STOR Colloquium: Lihua Lei, Stanford
Hierarchical Community Detection for Heterogeneous and
Real-world networks are often hierarchical, heterogeneous, and multi-scaled, while the idealized stochastic block models that are extensively studied in the literature tend to be over-simplified. In a line of work, we propose several top-down recursive partitioning algorithms which start with the entire network and divide the nodes into two communities by certain spectral clustering methods repeatedly, until a stopping rule indicates no further community structures. For these algorithms, the number of communities does not need to be known a priori or estimated consistently. On a broad class of hierarchical network models motivated by Clauset, Moore and Newman (2008), in which the communities are allowed to be heterogeneous and multi-scaled in terms of the size and link probabilities, our algorithms are proved to achieve the exact recovery for sparse networks with expected node degrees logarithmic in the network size, and are computationally more efficient than non-hierarchical spectral clustering algorithms.
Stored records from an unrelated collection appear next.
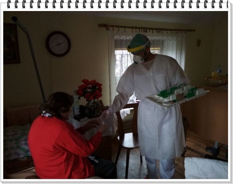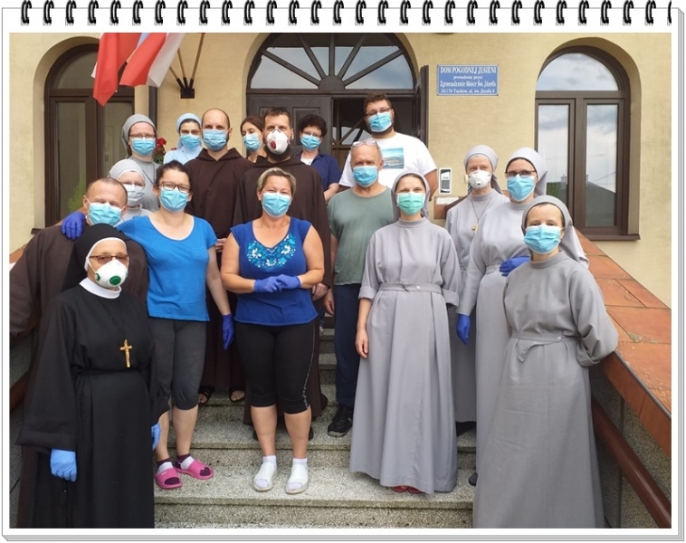 Przyjechała siostra do Domu Pogodnej Jesieni aby zastąpić siostrę dyrektor, która otrzymała wynik pozytywny i musiała udać się do szpitala. Dołączyła siostra do zespołu, w którym pracował już doświadczony ratownik medyczny starający się opanować sytuację. Co siostra zastała na „placu boju” i jak wyglądała wspólna organizacja zarządzania? Pierwsze, co zobaczyłam to czekającego na mnie i uśmiechniętego p. Pawła – ratownika medycznego – którego do tej pory znałam tylko z głosu w telefonie. W tym trudnym czasie wielkiego napięcia i niepokoju, w sytuacji, gdy Dom Pogodnej Jesieni opuścili ostatni zarażeni i oczekiwania czy będą kolejne osoby – ten uśmiech niósł wiele pokoju! Drugie, co zastałam po przekroczeniu progu domu, to śliskie od środków dezynfekcyjnych podłogi – chyba każdy kto wchodził musiał wcześniej czy później „dotknąć” ziemi, bardziej lub mniej boleśnie J. I wiesz, paradoksalnie jest to dla mnie pewna symbolika tego czasu epidemii. Do walki z takim wrogiem: niewidzialnym i mało znanym jak Covid 19 potrzeba pokory! Nie da się do niego podejść z gotowymi rozwiązaniami, wiedzą, doświadczeniem, pewnością siebie, bo można „pogruchotać kości”, ale trzeba roztropności i uważnej obserwacji, aby spostrzec, a nawet próbować uprzedzić kolejne jego działanie! Trzecie, co zobaczyłam to świetnie zorganizowany zespół pod kierunkiem p. Pawła! Byłam bardzo pozytywnie zaskoczona biorąc pod uwagę, że w zdecydowanej większości były to osoby o zupełnie innym profilu zawodowym, nie mające do tej pory kontaktu z pracą w DPS i nie znający siebie wzajemnie. Przebywali w Domu od zaledwie kilku dni a już poznali mieszkańców, analizowali wspólnie ich stan zdrowia i potrzeby, spieszyli na każde ich wezwanie w dzień i w nocy. Pełnili 12, 24 a nawet i zdarzało się 36 godzinne dyżury, gdy osłabł któryś z członków zespołu i potrzebował więcej odpoczynku, ofiarni i pełni poświęcenia, wspierający się wzajemnie w każdej czynności. Trudno to wyrazić słowami…Czwarte to hm… Dom nie przypominał tego Domu, który odwiedzałam wcześniej z piękną estetyką wnętrz, ale naprawdę stał się polem walki! Wiele rzeczy czy mebli zmieniło swoje miejsce, wszystko zlane środkami dezynfekcyjnymi, z foli i taśm porobione śluzy w świeżo remontowanych pokojach. Ze względu na małą ilość osób pracującego zespołu musieli tak zorganizować pomieszczenia, żeby maksymalnie ułatwić sobie dostęp do wszystkich koniecznych do obsługi i pielęgnacji mieszkańców, rzeczy oraz odzieży i środków ochronnych…P. Paweł wraz z zespołem perfekcyjnie zorganizowali w tych ekstremalnych warunkach pracę i na porannych i wieczornych odprawach dokładnie analizowali przebieg działań i tworzyli strategię. Uczyłam się od nich, sama głównie zajmując się administracją i codziennym raportowaniem sytuacji do różnych instytucji. Uzupełnialiśmy się w zarządzaniu z p. Pawłem i z czasem zaczęliśmy się wg potrzeb zastępować.
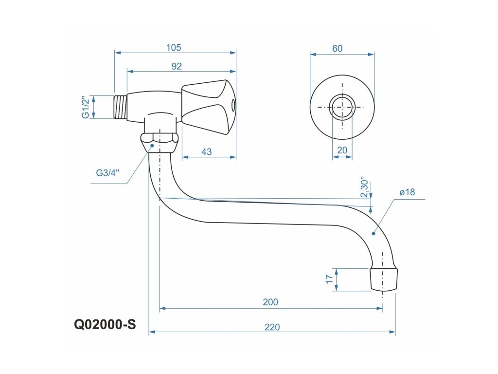 Stenový výtokový ventil s výtokovým ramienkom tvaru "S", 1/2" vršok.
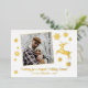 Celebrate the season with this elegant gold foil holiday card, featuring a graceful reindeer and delicate snowflakes against a crisp white background. A shimmering foil border frames your personal photo, making your family’s holiday wishes shine bright. The front reads “Wishing you a magical Holiday Season” in gleaming gold, capturing the warmth, joy, and sparkle of the holidays. On the back, you’ll find a ready-made heartfelt holiday poem that can be adjusted to your liking. Perfect for mailing to friends, family, or clients, this card blends modern sophistication with festive charm. Add your family name or greeting for a personalised touch that makes every card uniquely yours.
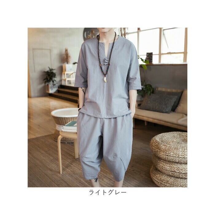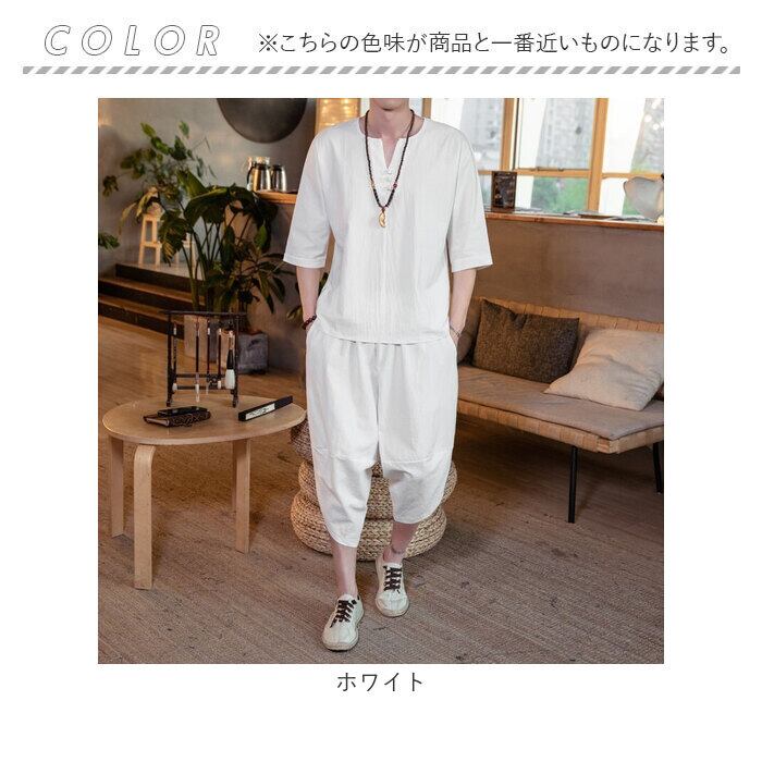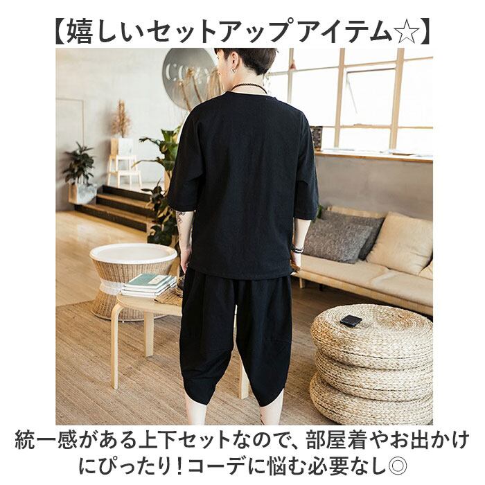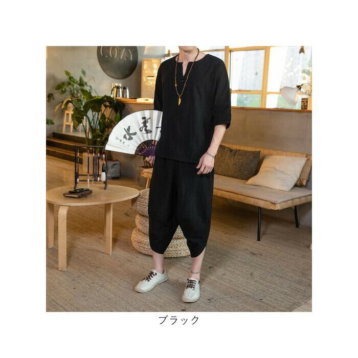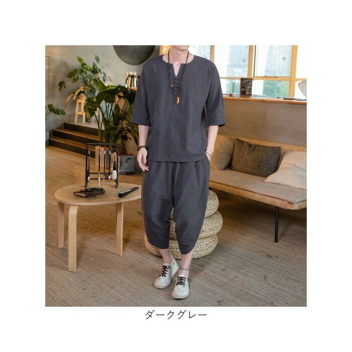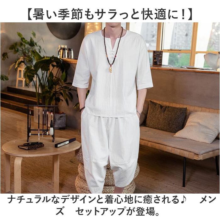 メンズ セットアップ 夏用 通販 半袖シャツ 半袖 五分丈 Tシャツ トップス サルエルパンツ 七分丈 パンツ ズボン 春夏 涼しい 上下セット 綿麻 リネン ゆったり 無地 カジュアル シンプル オシャレ おしゃれ 通気性 ルームウェア 父の日 ギフト
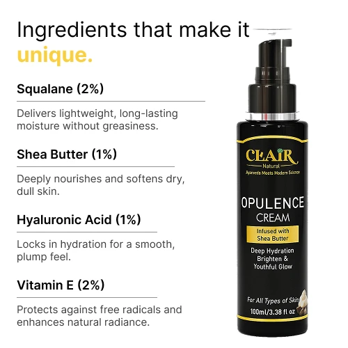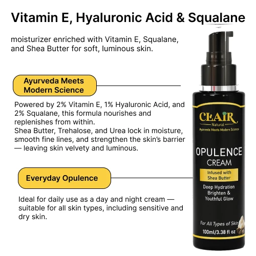3️⃣ Opulence Cream — Hyaluronic + Vitamin E + Shea Butter + Squalane
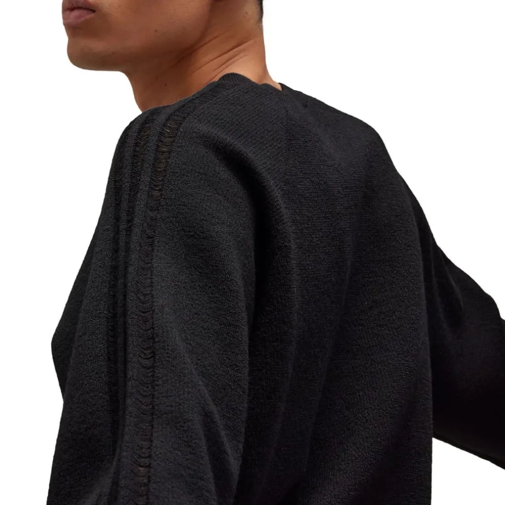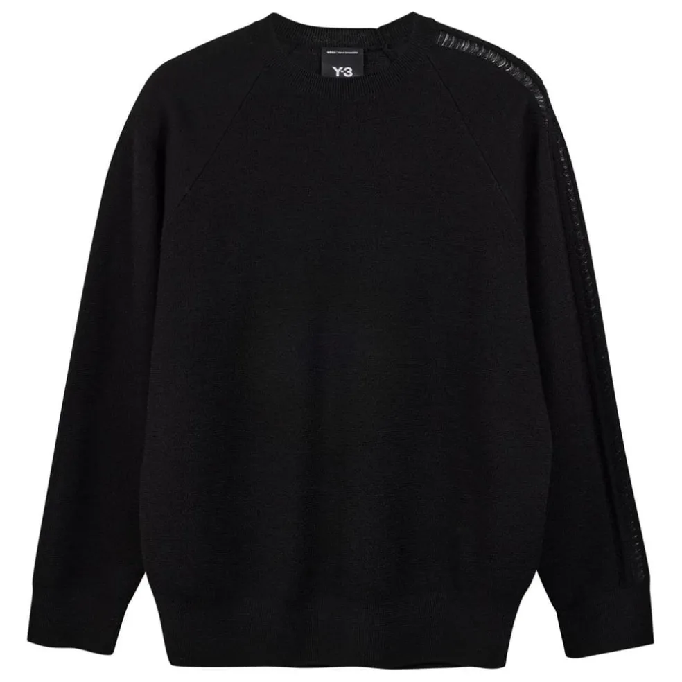A sophisticated exploration of sport heritage, the Y-3 Logo Knit Crew Sweatshirt is crafted from a soft, wool knit. On the left sleeve, the 3-Stripes are knit with loose stitches to suggest a transparent effect . A loose fit is paired with raglan sleeves to create a complete feeling of ease.

More interestingly, we identify regimes where no algorithm can recover all communities simultaneously while our algorithm can still recover the mega-communities (unions of communities defined by the hierarchy) consistently without recovering the finest structure. Our theoretical results are based on my newly developed two-to-infinity eigenspace perturbation theory for binary random matrices with independent or dependent entries.